After my initial x ray I was given an appointment to see a hip specialist which I was very nervous/apprehensive about, from this appointment I was then offered Cortisone steroid injections which you’ll know from previous posts worked absolute wonders for about 4/6 weeks. I was absolutely gutted that the injections hadn’t worked for a longer period and I was now back to square one but I was hopeful that at my next appointment they may be able to offer me something more long lasting.

Today 3rd February was the day of my follow up appointment and all that comes to mind is wow!! firstly I’ll start by explaining that just over 4 months ago when I last saw my specialist, I was told that surgery wouldn’t be an option they were even prepared to discuss for many years too come due to how much would be needed to rebuild my pelvis/hip. As much as I hate being in pain it was a relief to be told that surgery was such a long way off because as with many people I hate hospitals and even the thought of another surgery brings me out in major panic. So if I’m honest today’s appointment wasn’t something I’d been too worried over as I’d sort of convinced myself I’d just be offered some other forms of pain relief.

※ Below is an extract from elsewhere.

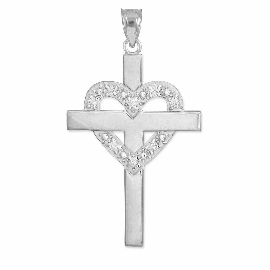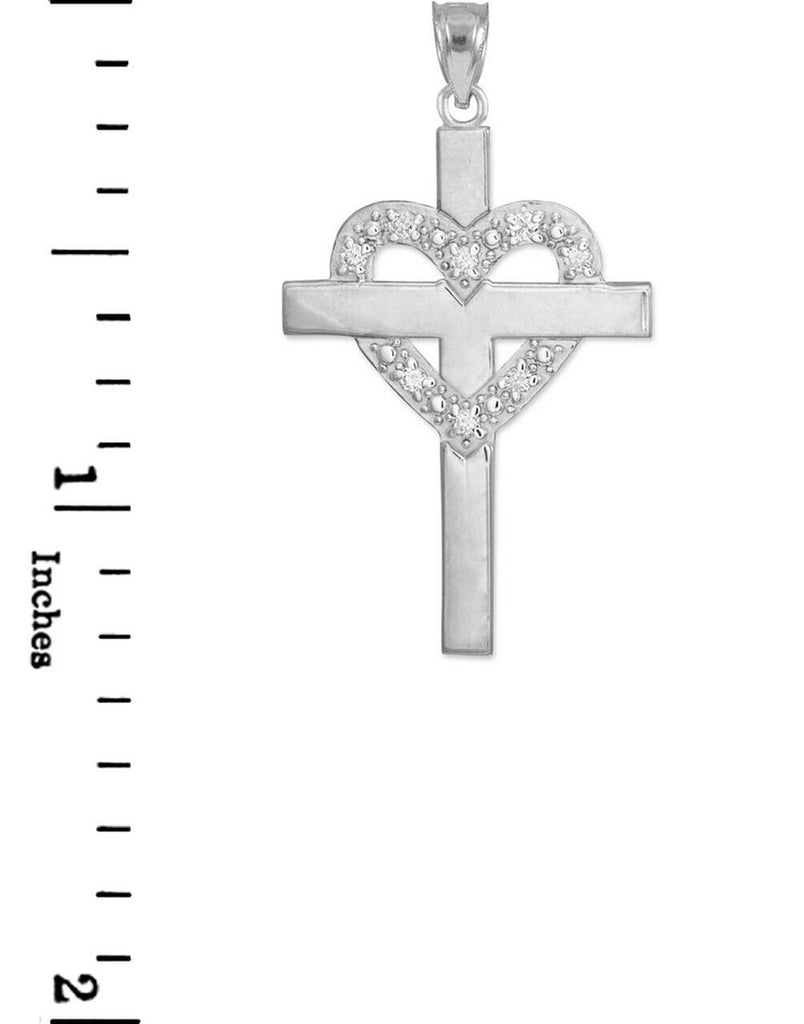 Solid 10k White Gold Cross 0.08 CTW Diamond Heart Pendant Necklace |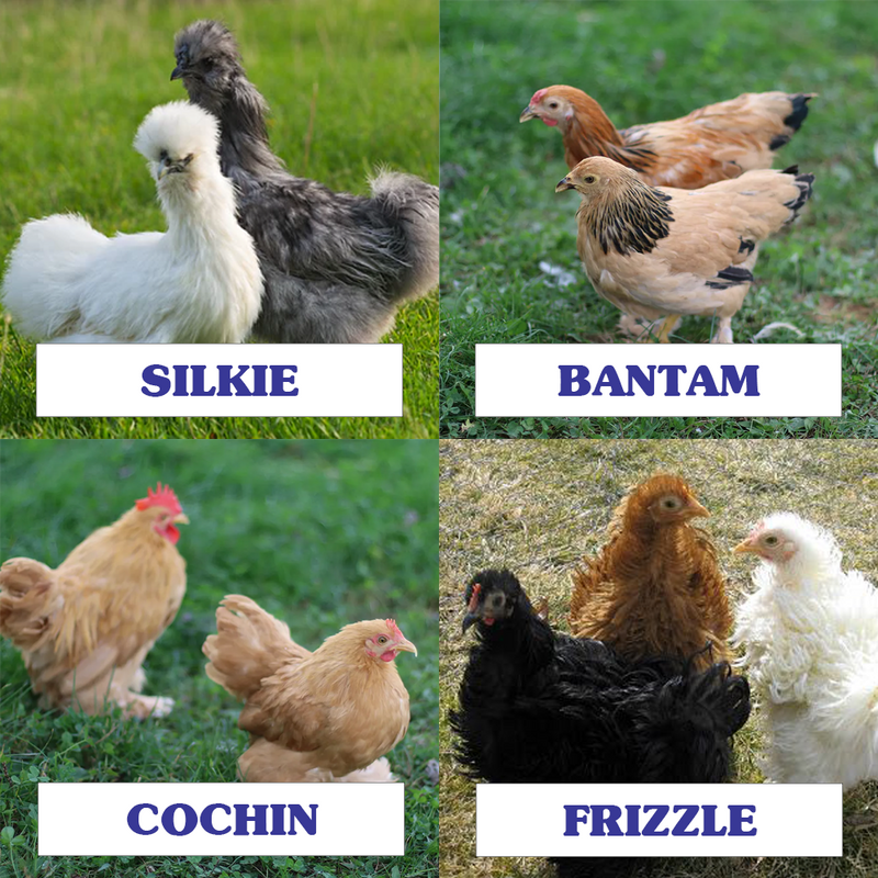 Mini, about ¼ the size of standard breeds with unique & varied feather patterns.

I couldn’t of been more wrong about the outcome of today, after waiting to be seen I was told by a nurse that my specialist wanted to know did I want a hip replacement, I was just like ‘wow what?’ It was such shock after not expecting surgery to suddenly be told that surgery was now my only option. If being told that having surgery was my only option wasn’t bad enough it then got worse when they proceeded to tell me that unlike most hip replacements due to my disability and the condition that my hip/pelvis is in that it’ll be a much more complex operation than usual, with a seemingly never ending list of possible complications.

Looking back now the whole appointment seems like a blur and I’ve got 101 worries running through my head and about a million more questions than I even got chance to ask during my short time with the specialist. They’ve given me an eight week period to think about it and then get my name on the waiting list but from what I’ve read in the booklets they gave me, I don’t think I’ll be getting the operation due to the high risks of certain things that could go wrong. I feel so frustrated and sad that after all these years it’s boiled down to either risk things being worse or spend my life learning to live with the pain.

Have any of you guys ever had a hip replacement or been offered one? If not how do you manage your pain? Any suggestions or advice would be amazing!